Bitchat n’est pas un OVNI technologique : il s’inscrit dans une lignée de messageries hors ligne déjà éprouvées. Des applications comme FireChat ou Bridgefy ont gagné en visibilité lors des manifestations pro-démocratie à Hong Kong, en 2014 puis 2019, quand les autorités cherchaient à surveiller ou bloquer les communications numériques. Leur principal avantage : échapper aux réseaux contrôlés, en s’appuyant uniquement sur la proximité entre appareils. Bitchat pousse cette logique beaucoup plus loin, en y ajoutant un niveau de sécurité, de chiffrement et d’anonymat inédit.

Mais son potentiel dépasse les contextes politiques. Dans un festival où le réseau sature, dans une zone isolée sans couverture, lors d’une catastrophe naturelle ou simplement pour échanger sans laisser de trace, Bitchat pourrait devenir un outil précieux. Plus la densité d’utilisateurs est forte dans un lieu donné, plus le maillage se renforce. Jack Dorsey le répète : il ne s’agit pas de remplacer WhatsApp ou Telegram, mais de proposer un complément radicalement différent, pensé pour les moments où les plateformes classiques ne fonctionnent plus — ou ne sont plus souhaitables.

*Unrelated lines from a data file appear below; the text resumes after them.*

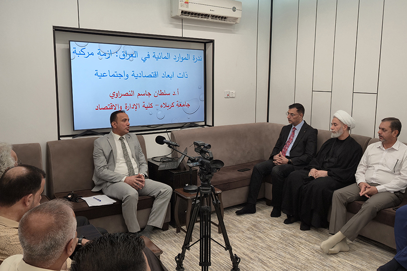 ناقش مركز الفرات للتنمية والدراسات الاستراتيجية ندرة الموارد المائية في العراق، وذلك في ملتقى النبأ الأسبوعي بمقر مؤسسة النبأ للإعلام والثقافة، عصر السبت الموافق (11/10/ 2025)، وحضر هذه الحلقة مجموعة من الباحثين والأكاديميين ومدراء المراكز البحثية، حيث قدم الدكتور سلطان النصراوي وهو أستاذ أكاديمي في كلية الإدارة والاقتصاد بجامعة كربلاء المقدسة، ورقته البحثية التي حملت عنوان (ندرة الموارد المائية في العراق: ازمة مركبة ذات ابعاد اقتصادية واجتماعية) وقد جاء في هذه الورقة:
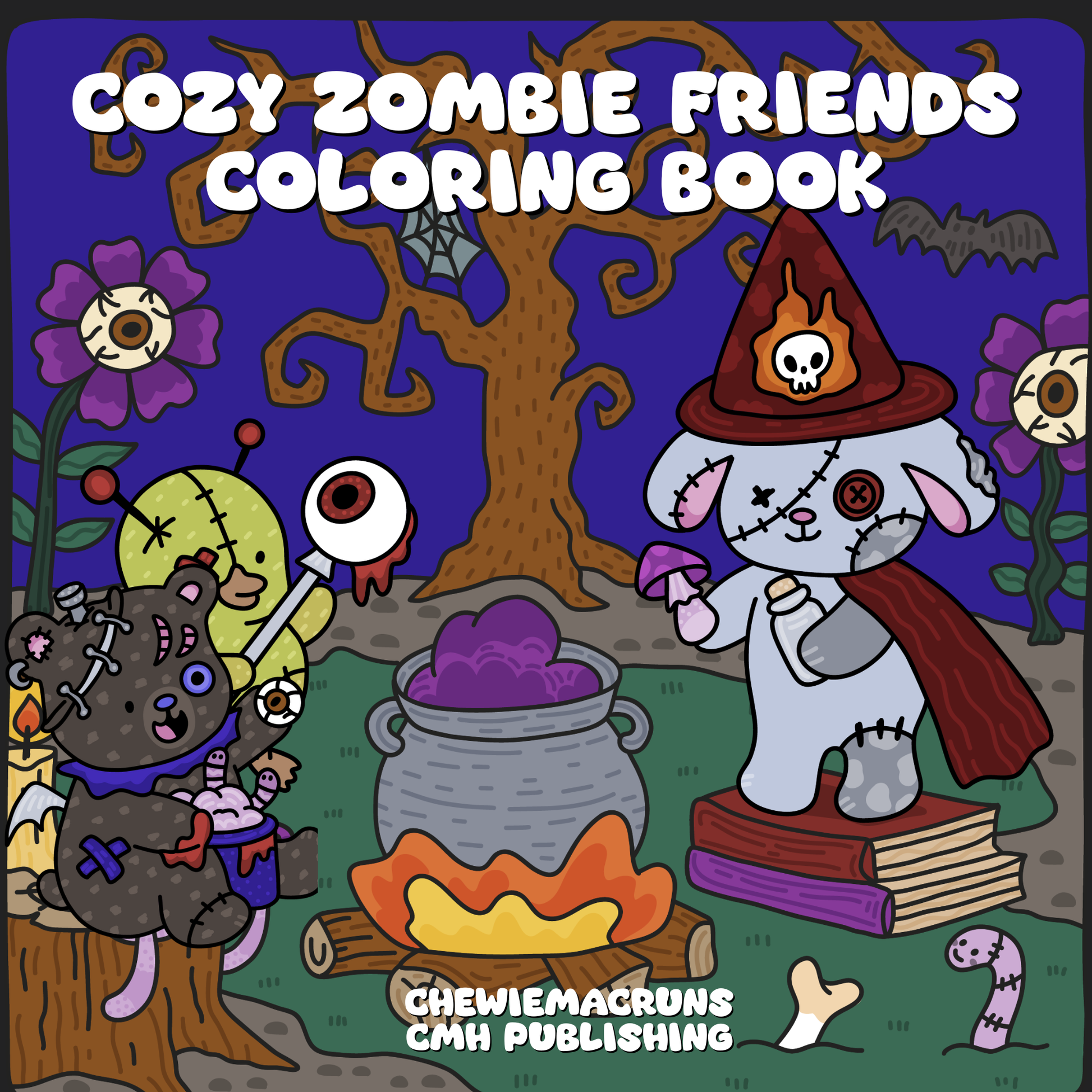 Cozy Zombie Friends PDF Coloring Book | 20 Hand-Drawn Scenes
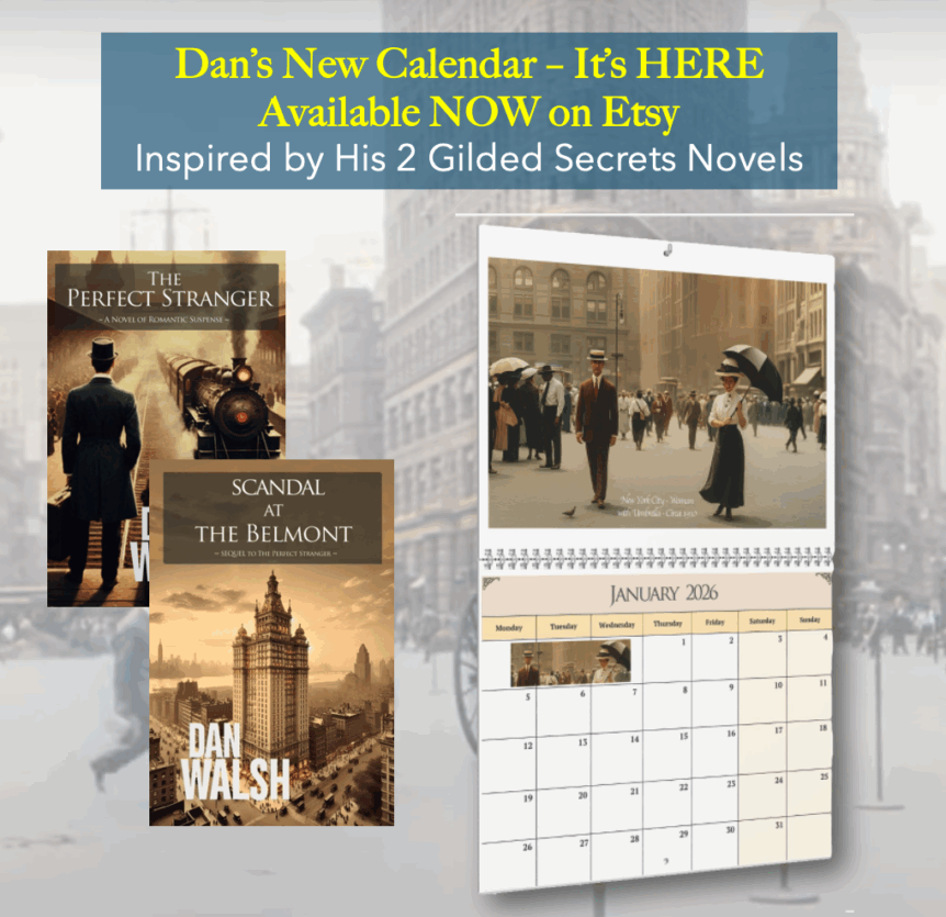 This beautiful calendar was designed by Dan, inspired by all the months he spent researching his last 2 novels. Both books are set in old New York during the end of the “Gilded Age,” in 1912 and 1914. In fact, Dan called them “The Gilded Secrets Series.” The books are “The Perfect Stranger” and “Scandal At The Belmont ” (available …
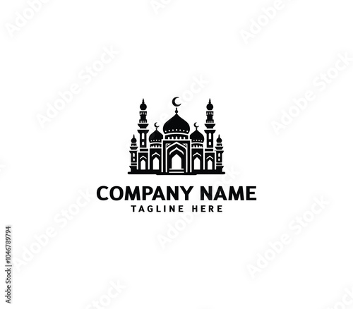 Vector silhouette mosque silhouette logo. Masjid sings template. Islamic building symbol. Masjid icon
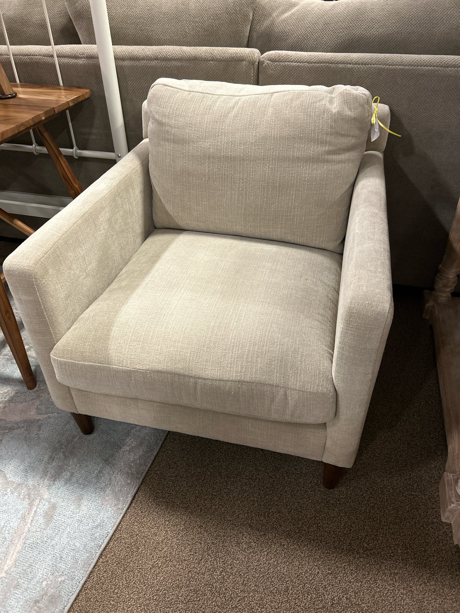 AS IS Gemma Beige Fabric Upholstered with Wood Legs
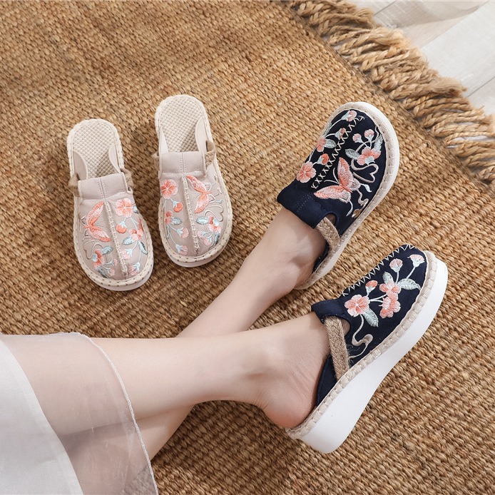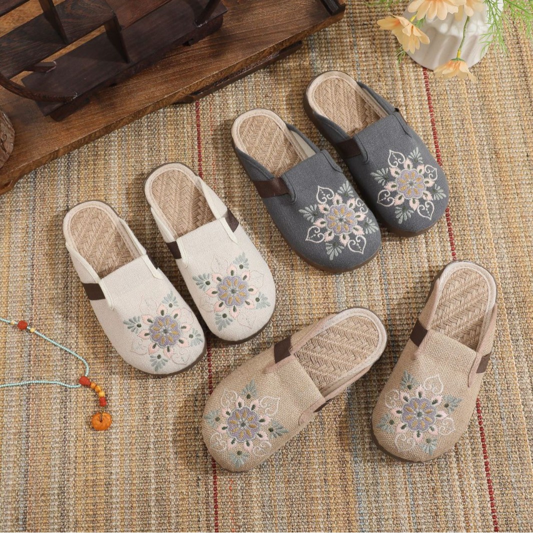 2024新作春夏綿麻の柔らかい底の半分の包頭の女性の刺繍の時代の漢服のスリッパの森の女性の百合のファッションの靴
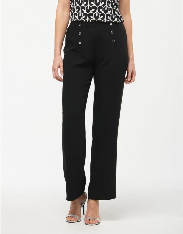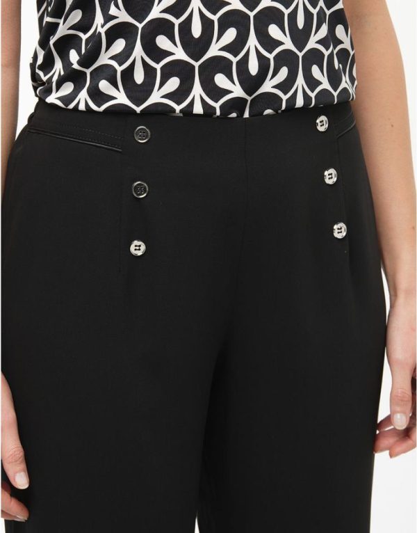 Envie de changer de vos éternels slims ? Voici le modèle qu’il vous faut, avec des jambes larges, et la fantaisie chic du boutonnage façon « pont » sur le devant, agrémenté sur les côtés par des empiècements soulignés d’un liseré noir. Le dos reste élastiqué pour le confort. Un pantalon très réussi pour des looks masculin/féminin très trendy.

Avec ce projet, Dorsey poursuit sa croisade pour un Internet décentralisé. Après avoir quitté le conseil d’administration de Bluesky, il a doublé son soutien aux protocoles comme Nostr, et à tous les outils qui redonnent à l’individu le contrôle de ses échanges. Bitchat, dans cette logique, est bien plus qu’une expérimentation technique : c’est un manifeste en code source. Reste à savoir si cette vision peut séduire au-delà des passionnés de confidentialité et des communautés cryptosensibles. L’application, aujourd’hui limitée à iOS et à quelques milliers de testeurs, pourrait buter sur la fragmentation des usages ou l’inertie des habitudes. Surtout, les utilisateurs sont-ils prêts à sacrifier la fluidité des interfaces grand public pour regagner une forme de souveraineté numérique ?

Pour l’heure, Bitchat agit comme une démonstration. Elle prouve qu’une communication sécurisée, décentralisée et invisible est techniquement possible, sans aucun recours à une infrastructure centralisée. Dans un monde où les gouvernements et les géants du numérique verrouillent peu à peu les canaux d’échange, ce type d’outil pourrait bien ne pas rester une curiosité marginale. Le projet lancé par Dorsey, presque à la légère, semble avoir allumé une mèche bien plus longue qu’il n’y paraît.